◆ **EXERCISE DETAILS**
Give back the full listing exactly, setting the pictures aside.

◆ **RECORDED INFORMATION**
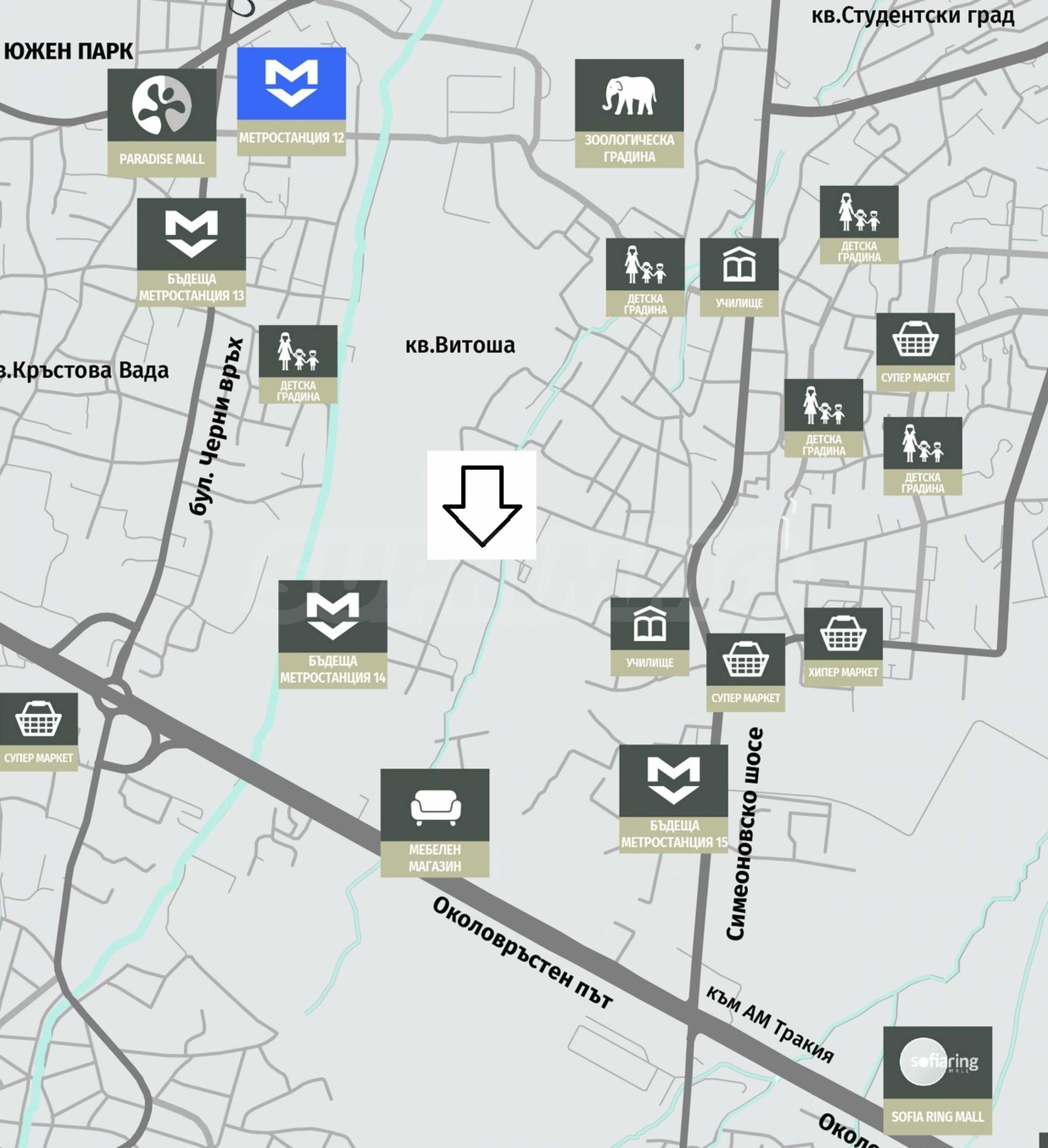 Имотът е разположен на пешеходно разстояние от бъдеща метростанция.
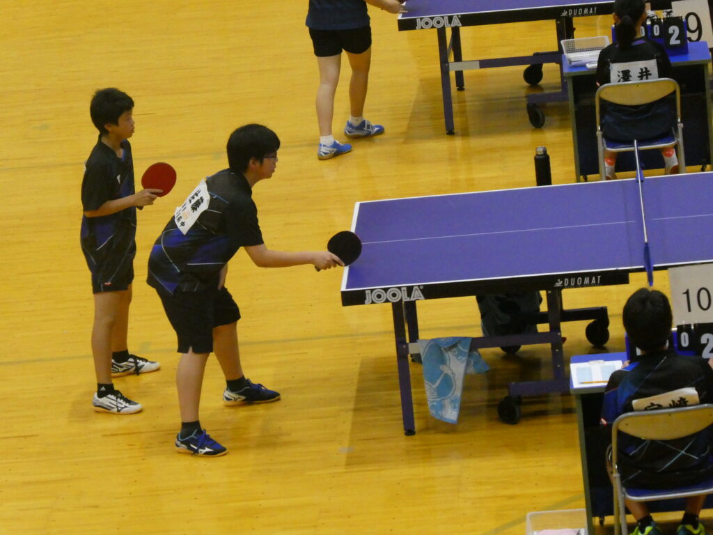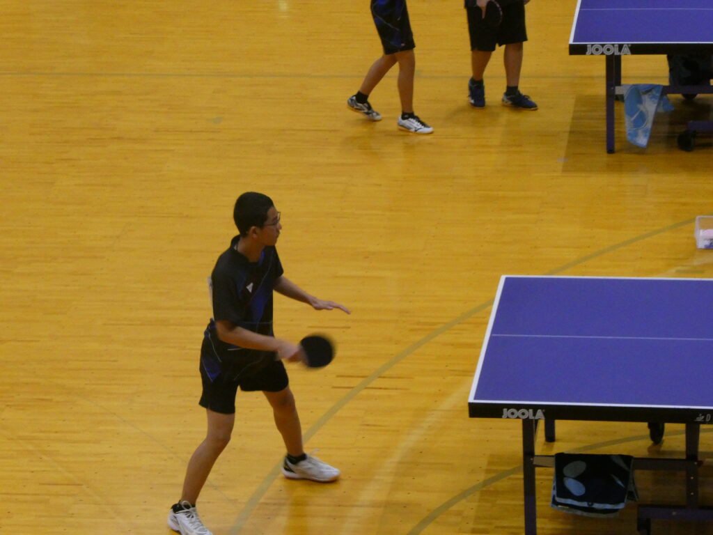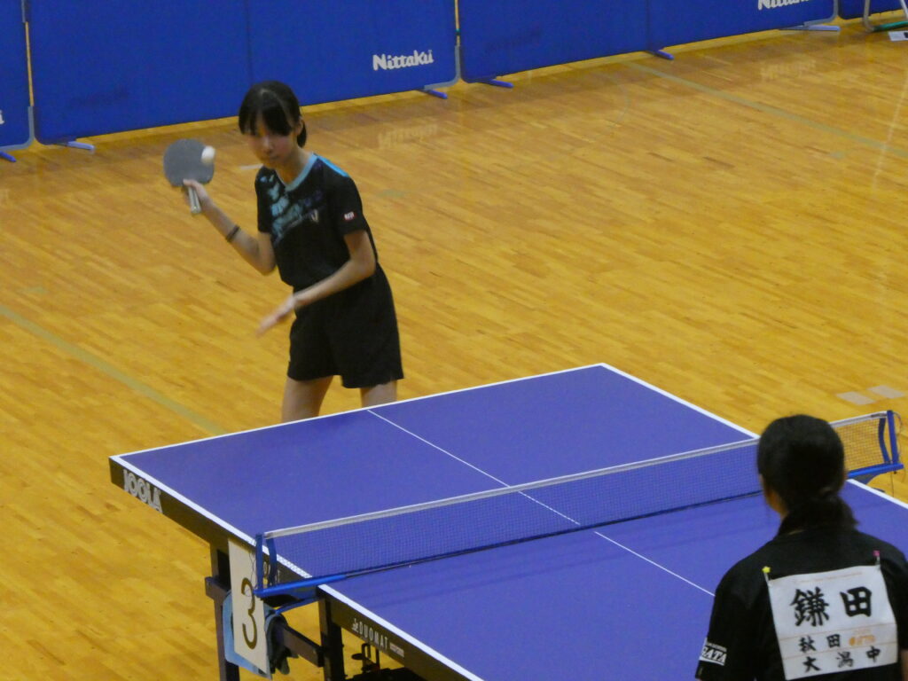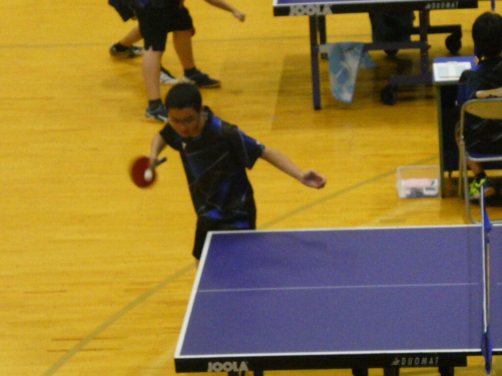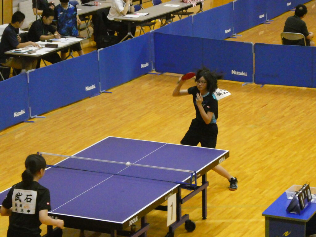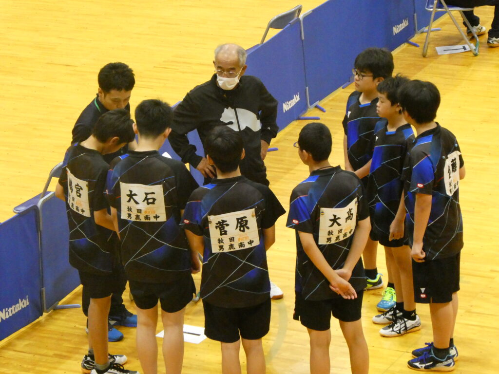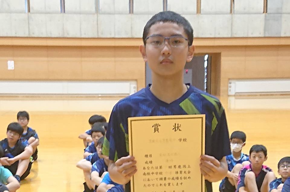 続いて卓球です。男子団体戦は、初日の予選リーグを全勝で一位通過し、準決勝で男鹿東中に、決勝では天王中にそれぞれストレート勝ちし、見事団体優勝を果たしました。男子個人では大高選手が優勝、大石選手が3位、嶋宮選手と菅原選手がベスト8となり、4名が全県大会出場を決めました。全県大会での活躍を期待しています。
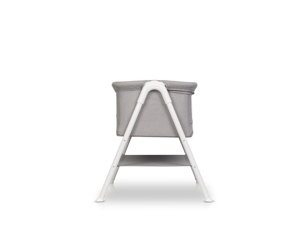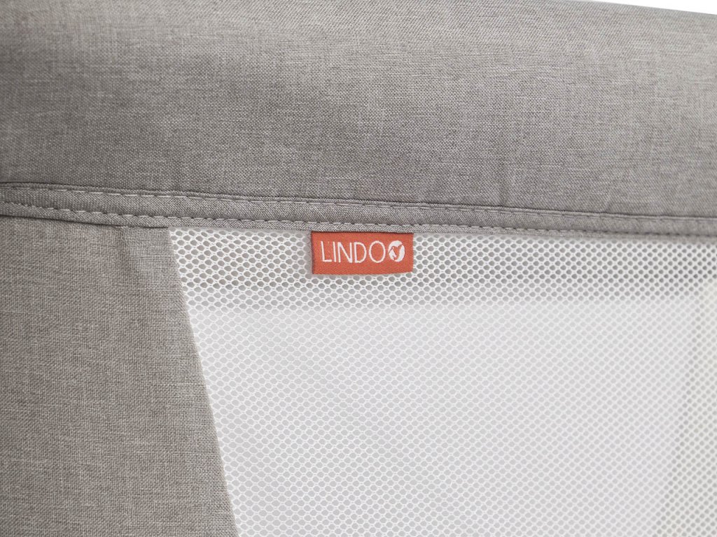 Díky jednoduché elegantní formě, která je kombinací látky typu eko len s bílými designovými prvky, postýlka LINDO dokonale zapadne do výzdoby většiny interiérů.

◆ **YOUR RESPONSE**
 Имотът е разположен на пешеходно разстояние от бъдеща метростанция.
 続いて卓球です。男子団体戦は、初日の予選リーグを全勝で一位通過し、準決勝で男鹿東中に、決勝では天王中にそれぞれストレート勝ちし、見事団体優勝を果たしました。男子個人では大高選手が優勝、大石選手が3位、嶋宮選手と菅原選手がベスト8となり、4名が全県大会出場を決めました。全県大会での活躍を期待しています。
 Díky jednoduché elegantní formě, která je kombinací látky typu eko len s bílými designovými prvky, postýlka LINDO dokonale zapadne do výzdoby většiny interiérů.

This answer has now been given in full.